# Black Standards in southeastern US



## Mikey'sMom (Feb 21, 2012)

Well, I thought I had my heart set on a silver, but my husband has now convinced me to look at blacks too! So starting another thread here...anyone know of a good breeder of black standards near Pensacola, FL?


----------



## NOLA Standards (Apr 11, 2010)

There is Gulf Breeze Poodles - Terry Wellman - try her.

Also, a little further North (and East) in AL I know of an all black litter from a LitilAnn's bitch and one of my favorite males - AM GR CH Hightide Aiden at Firenze - a Malte son. (Malte = Avatar Concorde). The pups are 5 weeks old I believe.

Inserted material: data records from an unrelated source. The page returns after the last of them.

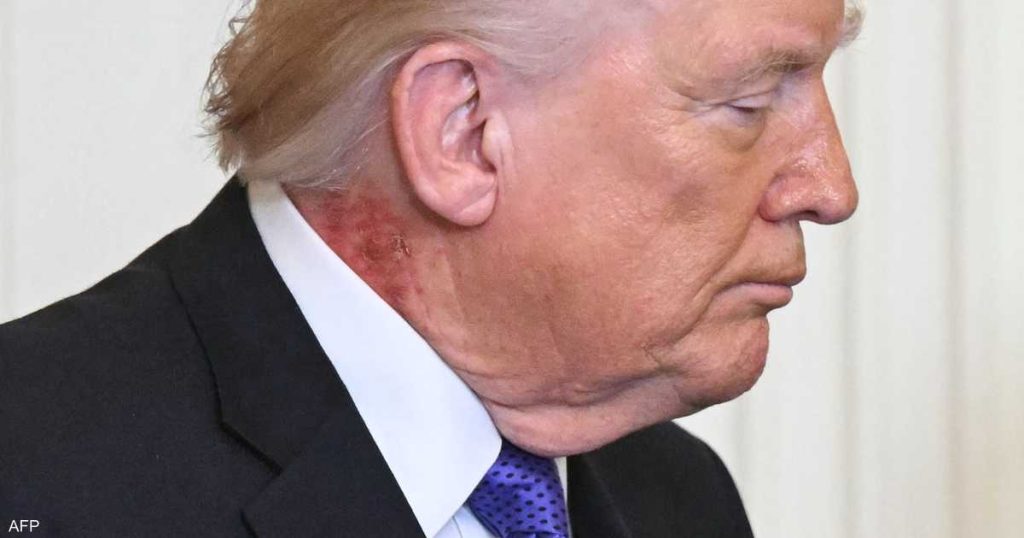 وظهر الاحمرار على الجانب الأيمن من رقبة ترامب فوق خط الياقة مباشرة في صور التقطت له خلال مشاركته في مراسم منح وسام الشرف يوم الاثنين.
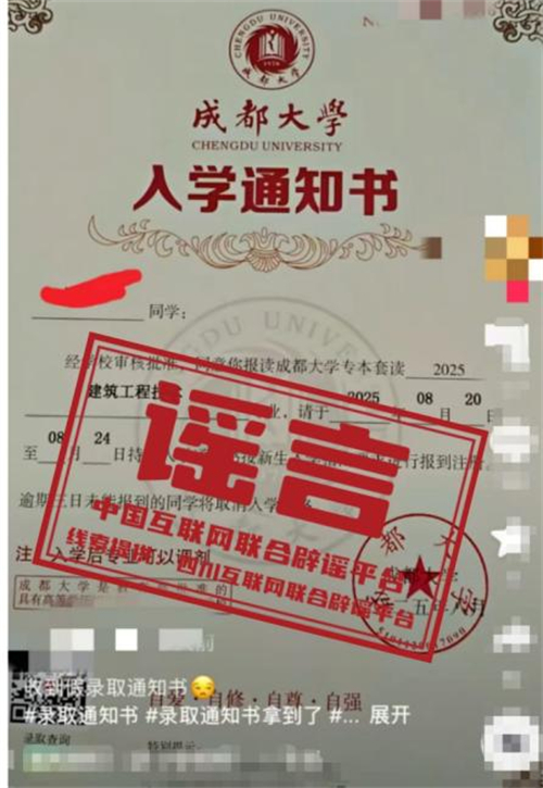 教育部多次提醒,部分機構和個人打著普通高等學歷教育幌子,實際卻為自考助學、網(wǎng)絡教育等其他教育形式,或進行虛假宣傳。如未通過高考招生錄取獲得正式通知書,無法注冊普通高校正式學籍,也無法取得普通高等學校學歷證書。考生及家長應通過正規(guī)渠道核驗錄取信息,嚴格保護個人信息,防止被不法分子利用。(來源:四川互聯(lián)網(wǎng)舉報辟謠平臺、成都網(wǎng)絡辟謠)
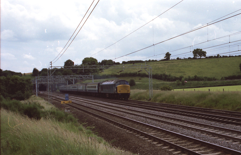 On the Leighton area’s day of the peaks our footex machine in later guise as 45149 takes the 1210 Euston-Sheffield North of Linslade tunnel on 030782. Booked engineering work closed St Pancras on this day and vast numbers of class 45’s visited the Leighton area as a result.
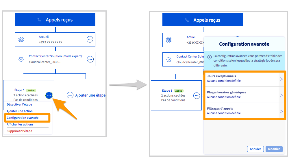 Chaque appel entrant va suivre une ou plusieurs étapes successives que vous allez définir. Au sein de chaque étape, une ou plusieurs actions devront également être créés.
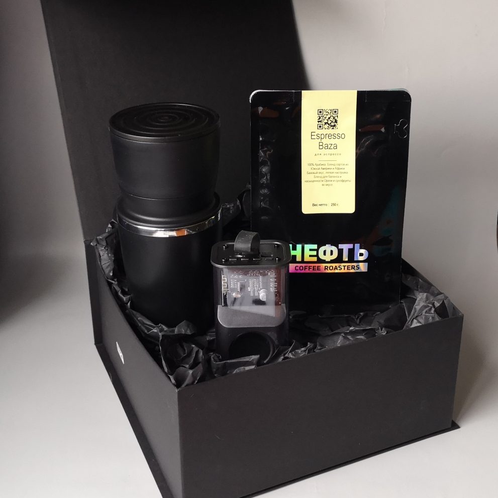Корпоративный подарочный бокс «Нефтяной магнат» – настоящее путешествие в мир кофе.
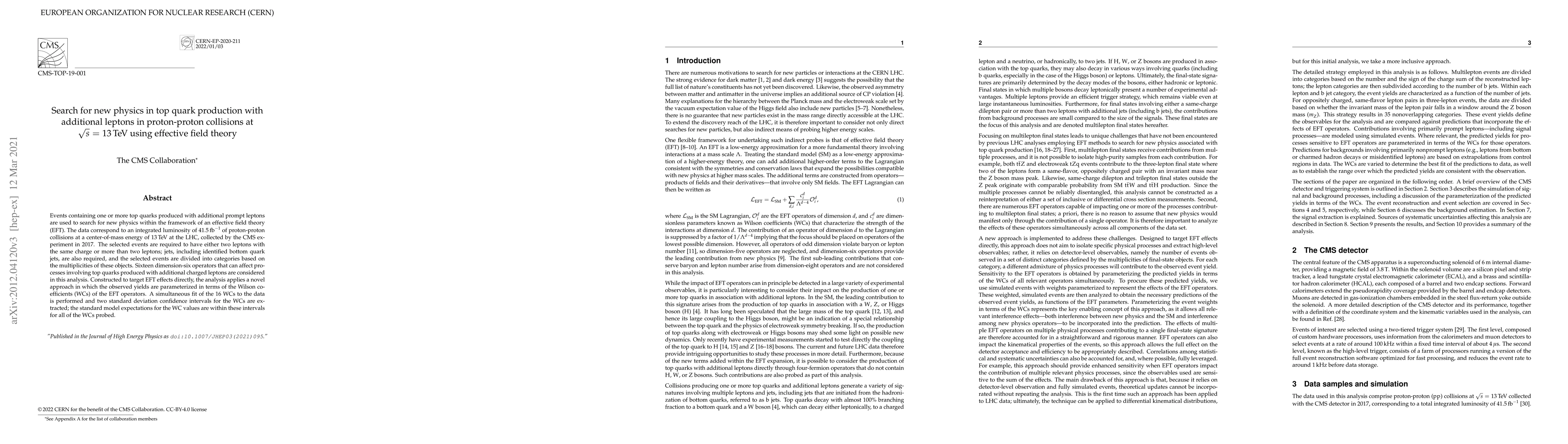 Researchers searched for new physics in top quark production with additional leptons at 13 TeV, using an effective field theory approach and found no evidence of beyond-standard-model effects within two standard deviation confidence intervals.
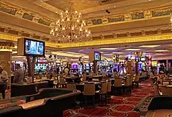The Venetian includes a 120,000 sq ft (11,000 m2) casino.[124] Due to lack of demand, the resort's poker room closed in 2000, with plans to expand the race and sports book.[125] Amid a resurgence in poker popularity, the resort added a new $2.6 million poker room in 2006, featuring 39 tables. At 11,000 sq ft (1,000 m2), it was the third largest poker room on the Strip.[126][127] The resort eventually replaced it with the larger Sands Poker Room, which debuted in 2012. It was the largest on the Strip, measuring 14,000 sq ft (1,300 m2).[128] A new space of equal size, named The Poker Room, opened in 2024.[129]
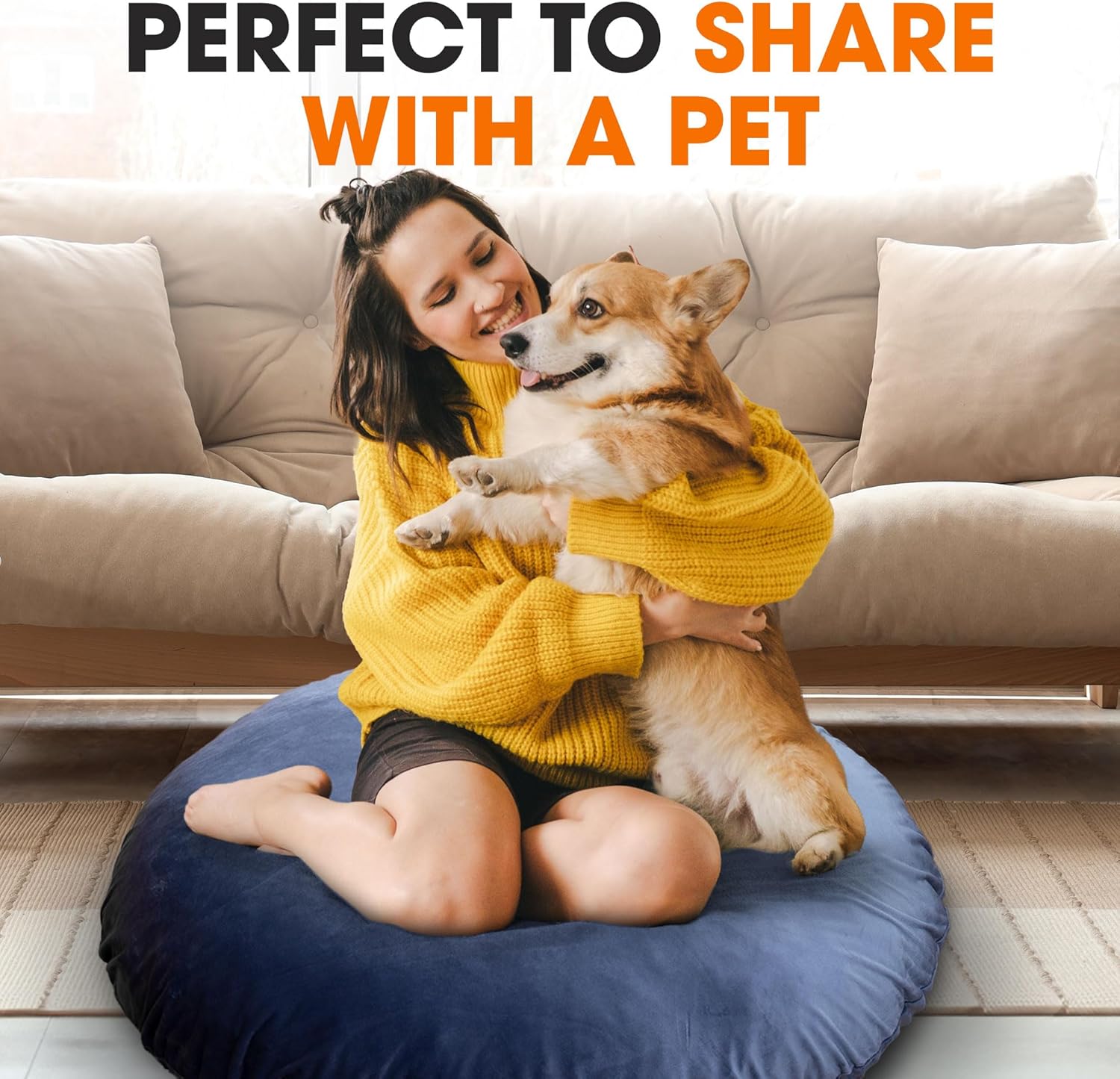 Cheer Collection Extra Large Floor Pillow, 32" Round Meditation Cushion, Oversized Yoga Pillow & Floor Cushions for Adults, Floor Pillows for Sitting, Meditation, and Seat Cushion - Navy Blue
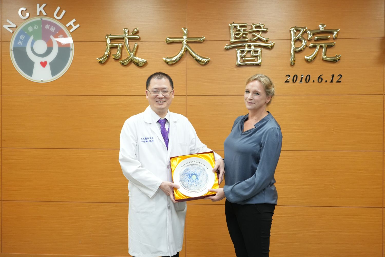 Dr. Jing-Wei Lee(left), President of National Cheng Kung University Hospital presents a gift to Ms. Helena Reitberger.

PM me or email me if you would like contact information.

Best Wishes!

Tabatha
NOLA Standards

PS Almost forgot a recently confirmed breeding - Carter is the sire (you only need to google Le Glorious Lombardi du NOLA's Caniche Rouge to hear/read me singing Carter's praises). That is North of Pensacola - an hour + South of Atlanta.

Carter - depending on how he is bred - produces black, blue and silver. I bred him to red and had blacks, apricots and blue pups. He's a well known top producer with multiple offspring who are top specials. The health is proven, the temperment is confident and outgoing - sometimes strong willed, but a pleasure across the board.


----------